# Saskatchewan guide suggestions



## bigbuck (Mar 17, 2001)

Any one have a guide recommendation for a Saskatchewan whitetail hunt. This has always been on my bucket list.


----------



## bassman00 (Feb 6, 2007)

I posted this question as well a couple weeks ago with no response. I plan on going in 2021, so I have some time to look. I’ll be hitting up the hunting time expo next month and checking some out. It’s a bucket list destination for me as well.


----------



## big buck 75 (Sep 6, 2010)

A lot of guides out there. some good some not so good from what I have read. I was hoping for someone could make a recommendation from personal experience.


----------



## johnhunter247 (Mar 12, 2011)

I’ve been watching these two on Facebook and they might be worth checking out. They look pretty decent to me. 

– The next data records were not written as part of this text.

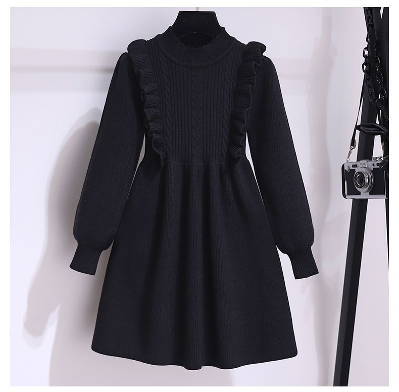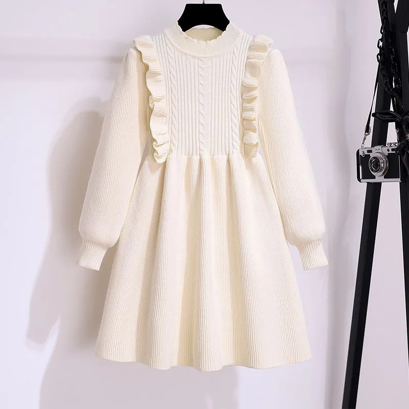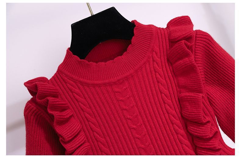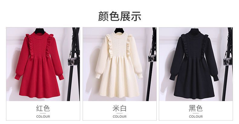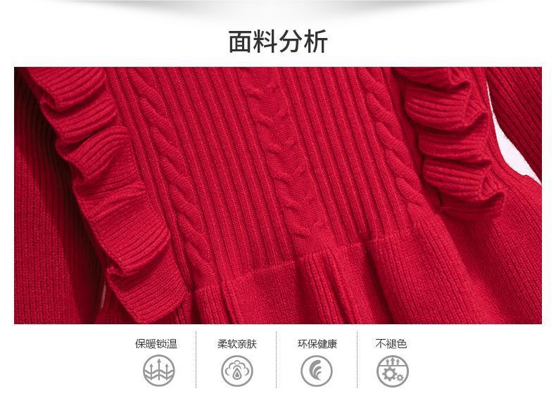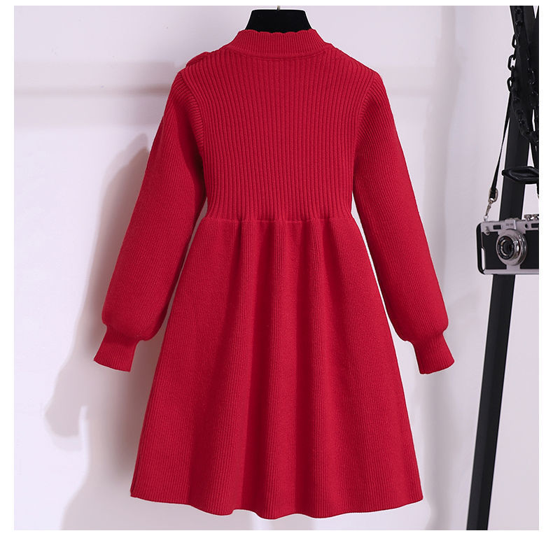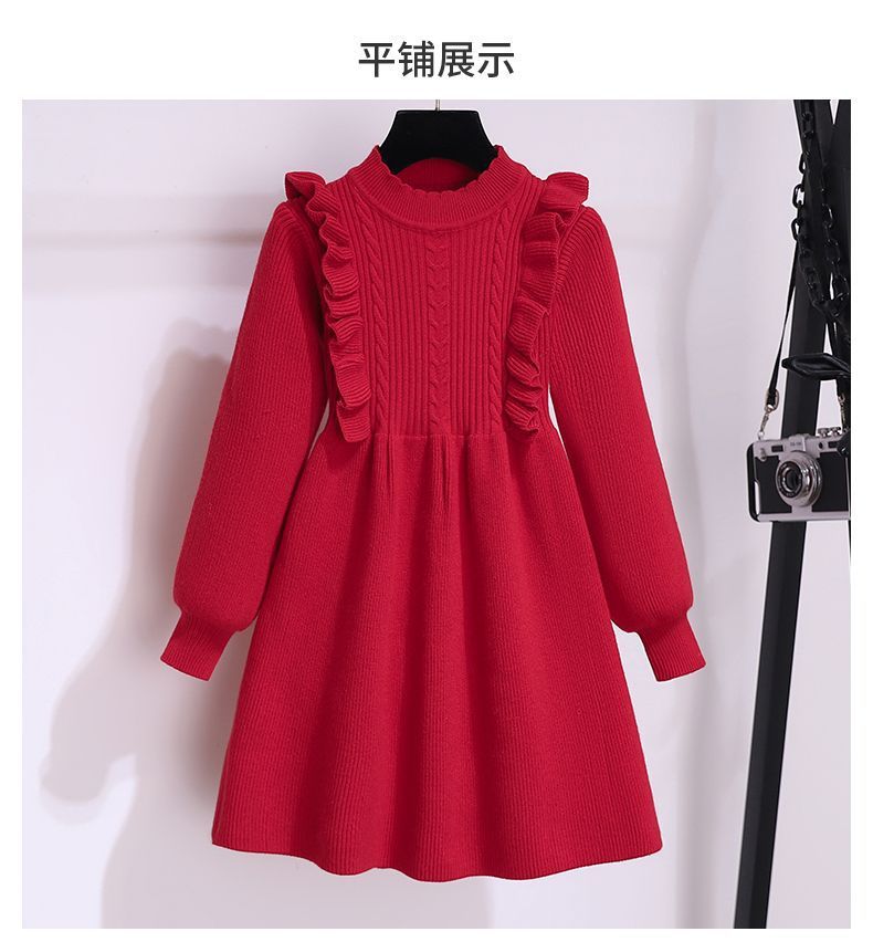 소녀 붉은 니트 원피스 가을 겨울 새로운 스타일 달콤한 공주 원피스 큰 아이들을위한 가을 패션 한국 스웨터 원피스스토어 가기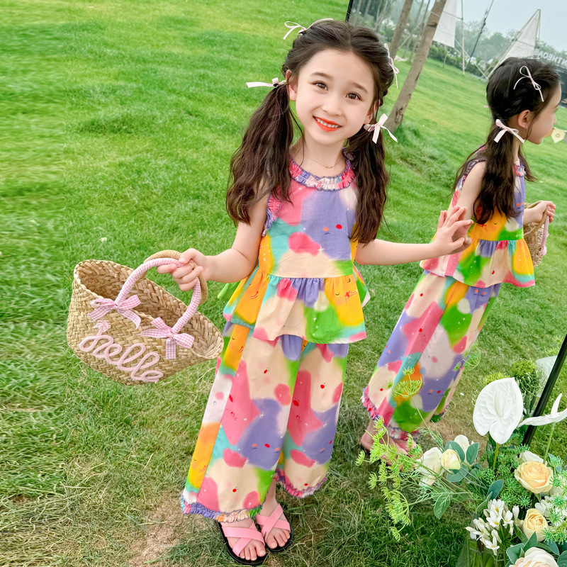 Girls’ Star Tie-Dye suit Summer 2024 New Children’s Stylish Fashionable Wide Leg Pants Baby Girls’ Summer Casual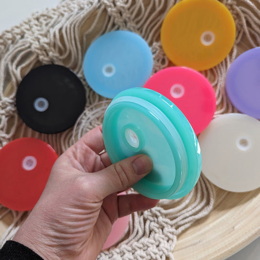 BPA free acrylic coloured lid for the 16oz glass can cup with silicone seal. Tumbler lid.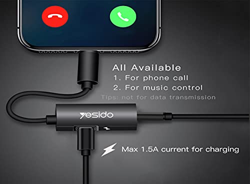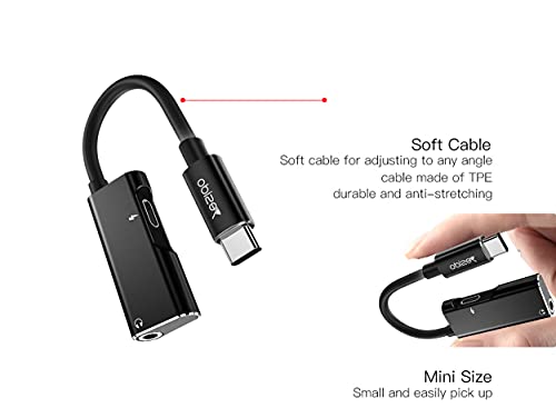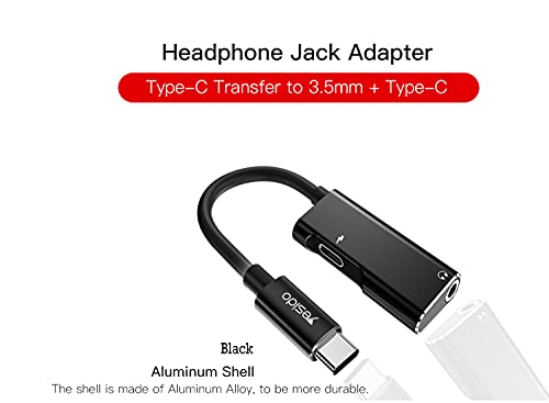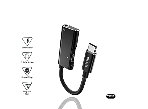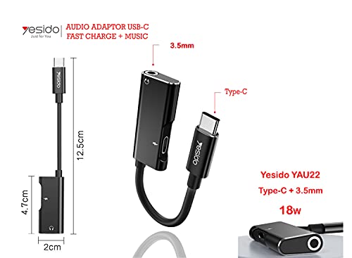 YESIDO - محوّل صوت دبليو تيك من يسيدو بمنفذ شحن سريع USB-C وكابل موسيقى الومنيوم بطبقة خارجية المطاط الحراري مضادة للكسر والتمدد للموبايلات والتابلت نوع سي اسود موديل YAU 22 عدد المنافذ: 1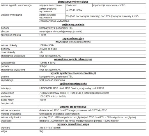 HDG6000B to seria nowoczesnych generatorów funkcyjnych produkcji Hantek. Generatory charakteryzują się dwoma niezależnymi analogowymi kanałami wyjściowymi, oraz 16 kanałami wyjściowymi. W zależności od modelu pasmo wyjściowe generowanych przebiegów wynosi od 60MHz do 200MHz. Rozdzielczość pionowa przetwornika wynosi 16bit (daje 216 = 65 536 poziomów kwantyzacji), próbkowanie w czasie rzeczywistym 1,25G sampli na sekundę. Generator wyposażony w szereg różnego rodzaju funkcji, przemiatania, modulacji itp. jak przystało na nowoczesny generator funkcyjny. Łatwa obsługa i duży wyświetlacz LCD typu TFT o przekątnej 7 cali i rozdzielczości 800x640.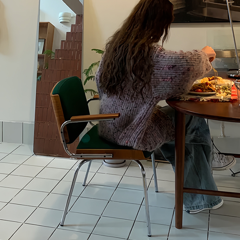 柏林餐椅复古风实木软包椅子休闲沙发椅书房卧室化妆扶手电脑椅子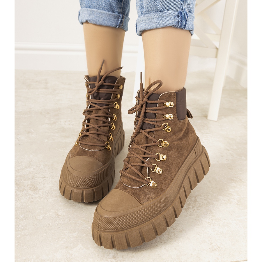 Die braunen isolierten Damen-Schnürstiefel von Calabresi sind die perfekte Wahl für kältere Tage. Dank ihres klassischen Designs vereinen diese eleganten Schuhe Funktionalität und Stil. Sie sind aus hochwertigem Öko-Wildleder gefertigt, bieten Tragekomfort und sind umweltfreundlich.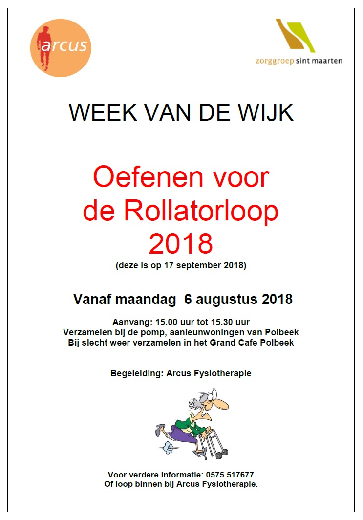 Tijdens de week van de wijk, van 14 tot en met 23 september 2018 organiseert Arcus Fysiotherapie op maandag 17 september a.s. voor de 3e keer de Rollatorloop.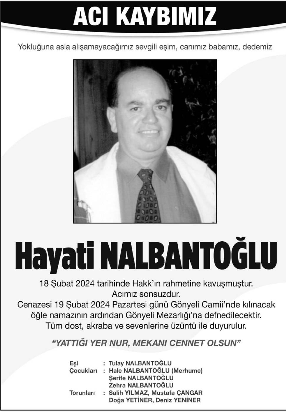 Ulusal Birlik Partisi (UBP) Gönyeli Kadın Kolları Başkanı Tülay Nalbantoğlu'nun eşi Hayati Nalbantoğlu yaşamını yitirdi.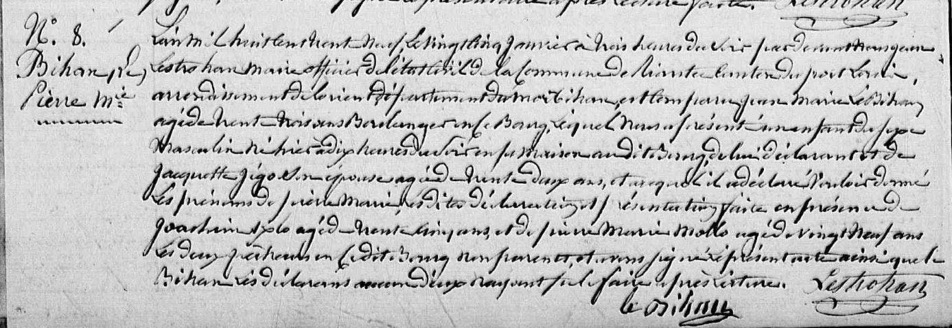| 11. BIHAN (LE) Joachim Naissance : Date : 17/03/1784 Lieu : Riantec (56) |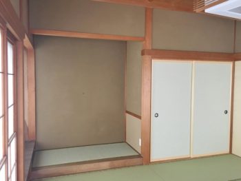 軽く扱いやすいスタイロ畳に入替え、床脇に押入を造作。寝室として使えるようになりました。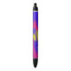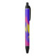Caneta coberta por um borrão colorido de rosa, amarelo e roxo.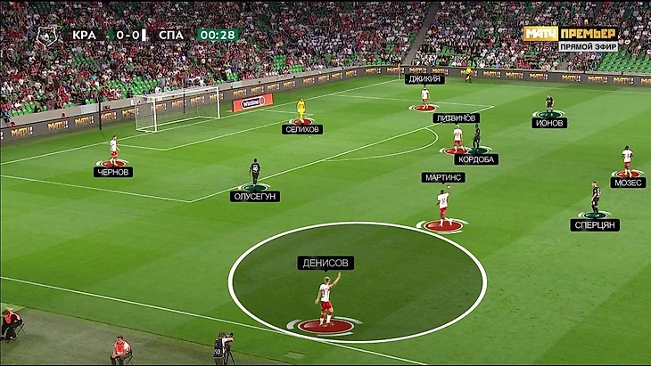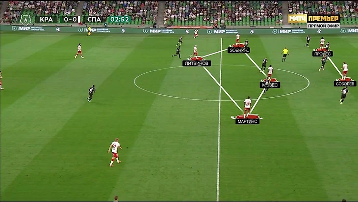 После объявления состава «Спартака» казалось, что москвичи снова сыграют 4-3-3 с Литвиновым, Мартинсом и Романом Зобниным в центре поля и Мозесом, Квинси Промесом и Соболевым в атаке.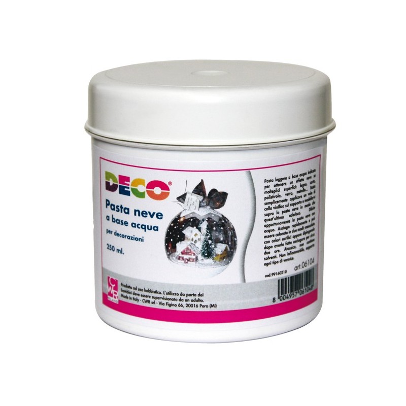 Materiale molto leggero a base acqua con cui è possibile ottenere un effetto “neve” o “pelliccia” su moltissime superfici: legno, polistirolo, pareti, carta, plastica, metallo, vetro… Asciuga rapidamente e può essere colorata in due modi: mescolandola con colori acrilici oppure dipingendola dopo averla fatta asciugare per circa 2 ore.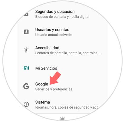 Ya adentrados en esta aplicación nos aparecerán muchas opciones, en este buscaremos la sección titulada “Google”, y una vez la encontremos pulsamos sobre esta misma.

Sent from my iPhone using Tapatalk


----------



## Captain (Feb 11, 2000)

Don't go with these guys......My neighbor bid on this hunt at a SCI dinner and invited my Dad and his bud in on the hunt this year, even though it was a discounted hunt, the service they received was less than promised. They saw a ton of deer until it got warm and the bait sites shut down (This was not the problem), my Dad and his bud both shot meat bucks after 30+hours on stand while my other 2 friends rode it out for a couple more days only to find out that more hunters were coming in and they had to leave before their hunt was even over, along with a list of other subpar activities and crappy accommodations. SCI has been contacted and they are currently being removed from their recommended outfitter list..

*
Campeau Guiding and Outfitting Ltd. *


----------



## grapestomper (Jan 9, 2012)

i have been to makwa River outfitters. 
First class outfit. Been there twice and buddies of mine have been several times.
You can look on there website to see the deer pics.
They hunt a huge area. Each group in gets a new area and a stand that has not been hunted the year you get there. You can request one stand change if you need to. Hardly ever needed.
The last year our group went we had two boone and crocket deer and the rest were very nice.
The hunt is not cheap. As soon as you shoot a deer your stand is taken down until the next year. You go out on 4 wheelers and side by sides each day. Sit in an elevated tree stand enclosed with a camo fabric. Heater in blind. Plenty of deer usually. One year i shot the 37th buck i saw and the other year shot the 14th. I have nothing to do with this place just a great place to go. It was about a 24 hr. drive from the u.p.


----------



## johnhunter247 (Mar 12, 2011)

grapestomper said:


> i have been to makwa River outfitters.
> First class outfit. Been there twice and buddies of mine have been several times.
> You can look on there website to see the deer pics.
> They hunt a huge area. Each group in gets a new area and a stand that has not been hunted the year you get there. You can request one stand change if you need to. Hardly ever needed.
> ...


This just might be my next Saskatchewan hunt. They sure look like a good outfit. Another I’ve been keeping an eye on is buck paradise outfitters. 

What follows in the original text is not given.